Chicago still eager to hear from you, Mr. Trump

As one who loves Chicago, I hope President Donald Trump is not toying with my affections.

So far, the native New Yorker had been treating Chicago like the weather; he can’t stop talking about it, but is there really much he can do about it?

He’s been talking about Chicago’s violence epidemic since a June 29, 2015 meeting with the Chicago Tribune editorial board, which he addressed as if he was bringing news of which Chicagoans already were not painfully aware:

“Crime in Chicago is out of control, and I will tell you, outside of Chicago, it’s a huge negative and a huge talking point, a huge negative for Chicago,” he said. “You’ve got to stop it. You’re not going to stop it by being nice.”

Trump has made numerous other references to Chicago’s homicide problems as a candidate and nominee. Each time, he sounds sympathetic, bemoaning how terribly “sad” Chicago’s situation is. Hosting a meeting of county sheriffs in the White House Tuesday, he segued into how Chicago’s “hundreds of shootings a month” are “worse than some of the places that we read about in the Middle East, where you have wars going on.”

The problem is bad, although Trump’s numbers are inflated. Chicago did record more than 700 homicides last year for the first time in 19 years. That was more than New York’s and Los Angeles’ numbers combined.

The reasons are multiple, an imperfect storm of long-simmering distrust between police and civilians, a flood of guns from neighboring suburbs and states, huge deficits in city and state budgets, political gridlock holding up funding for violence reduction programs — you name it.

Chicago, Democrat-controlled like most major American cities, has long been a target of conservative criticism, even more so after the city’s favorite son, Barack Obama, became president. Suddenly, its local woes became a convenient symbol for national Republicans who wanted to highlight Democratic failures.

Sure, the city’s leaders bear the main responsibility for its success or failures. But now that Trump has stepped into the problem, he also owns a piece of it. He needs to do more than use Chicago’s woes as an excuse to pander to his own base.

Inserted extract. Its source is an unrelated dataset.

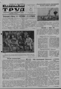 29 июля 1955 года, № 90 КОЛЛЕКТИВНЫЙ ТРУД Письмавредакцию Кинофильм и концер т в поле Колхозники первой полеводческой бригады сельхозартели «Путь к коммунизму» совместно с механизаторами тракторной бригады т. Бухмиллера выехали на заготовку грубых кормов за 50 километров от центральной усадьбы колхоза. Сейчас они успешно ведут сенокос. Правление сельхозартели и сельский Совет проявляют о них постоянную заботу. Сюда регулярно доставляются газеты, агитаторы проводят беседы, имеется библиотечка-передвижка. Недавно для членов бригады был показан цветной кинофильм «Укротительница тигров». Два раза приезжала передвижная парикмахерская. Молодежь, работающая на лугах, своими силами подготовила и выступила с концертом художественной самодеятельности. В концерте принимал участие машинист сенокосилки т. Корчун, повариха т. Шевченко, работница школы т. Лы- марь и другие. Т. Архипов. Лучшая бригада Ежедневно возрастает приток зерна на пункт «Заготзер- но». Отсюда оно отправляется в разные концы нашей страны. На погрузке и разгрузке занято несколько бригад. Лучшей из них является бригада Галины Горбачевой. Мария Гуляева, Елена Больт и другие члены бригады т. Горбачевой, обслуживая сложную технику—транспортеры, самоподаватели и другие машины, хорошо следят за их работой, не допускают простоев. Их ежедневная выработка составляет 120—130 процентов. М. Кузьмин. Шефы на уборке сена 24 июля группа работников Карасукского строительно-монтажного управления выехала в сельхозартель имени М.Горького для оказания помощи колхозникам в уборке сена. Правление отвело им отдельный участок. Шефы хорошо потрудились Тв этот день,’ в два раза перекрыли доведенное пм задание. Лучше других работали И. Вильюм, Т. Орех, И. Соловьева. В обеденный перерыв агитатор коммунист т. Пашков ознакомил рабочих с докладом Председателя Совета Министров СССР т. Булганина на июльском Пленуме ЦК КПСС. И. Мордовец, секретарь парторганизации СМУ. Не демонстрируют кинофильмы В период весеннего сева часто бывал с кинопередвижкой в бригадах колхоза имении Джамбула механик т. Хау- ^Щов.Хлеборобы были этим очень довольны. Но после окончания весеннего сева не стала ездить к нам кинопередвижка. В поселках Карасу-Казахп и Павловке, например, в течение двух последних месяцев ни разу не демонстрировались ки нофильмы. Просим отдел культуры улучшить кинообслуживание членов нашего колхоза. Б, Узканов. Сдерживают уборку рыжика На больших площадях созрел рыжик во второй полеводческой бригаде колхоза имени Максима Горького. На некоторых участках он уже осыпается. Однако полеводческого бригадира т. Вовк это не тревожит. Вопреки указаниям агронома т. Купиной он дал распоряжение вывести с полосы комбайны, работавшие на уборке, ссылаясь на то, что .,рыжик еще не созрел. На самом деле причина в том, что бригада плохо подготовилась к уборке нового урожая. На току скопилось более 70 центнеров рыжика, но он не подрабатывается. Не организована своевременная подвозка горючего к комбайнам. Механизаторы вынуждены ездить на обед в село, так как в бригаде для них не готовится пища. Самого бригадира часто можно видеть в нетрезвом виде. П. Илюшин. По следам наших выступлений ,,Как-нибудь протянем.. Под таким заголовком в 80 номере нашей газеты за 6 июля было опубликовано письмо В. Петрова, в котором сообщалось о 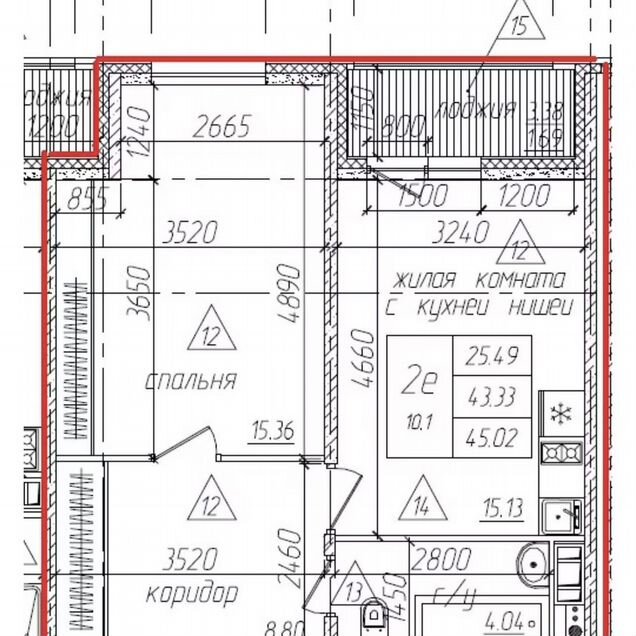 1-комн. кв., 43.7 м², 2/18 этаж

That sort of cynicism was most apparent in a Jan. 24 tweet that threatened to “send in the Feds” if Chicago didn’t do something to reduce its violence.

Yet Trump is full of surprises. Without any advance public notice, he signed three new executive orders late Thursday after he swore in newly confirmed Attorney General Jeff Sessions.

The orders direct Sessions to establish a task force and produce at least one report within the next year with recommendations on how to reduce violent crime, illegal immigration and drug trafficking.

The conservative, get-tough approach to crime-fighting favored by Sessions and Trump runs counter to the findings of a just-completed Department of Justice investigation of Chicago’s police. Obama’s DOJ was not shy about using civil rights laws to force police departments across the country to change how they interact with suspects and citizens — the opposite of what is suggested by Trump’s threat to “send in the Feds.”

If he’s truly interested in helping Chicago, Sessions will study the DOJ’s report with an open mind. It details how poor training, low police morale and a cover-up culture contribute to poor relations between police and citizens. It would be a mistake to discard those findings.

Getting tough isn’t everything. To get the violence under control, Chicago must first rebuild trust between its police and the communities they serve.

Those of us who love Chicago and other similarly troubled American cities should care less about who’s liberal or who’s conservative than about what works.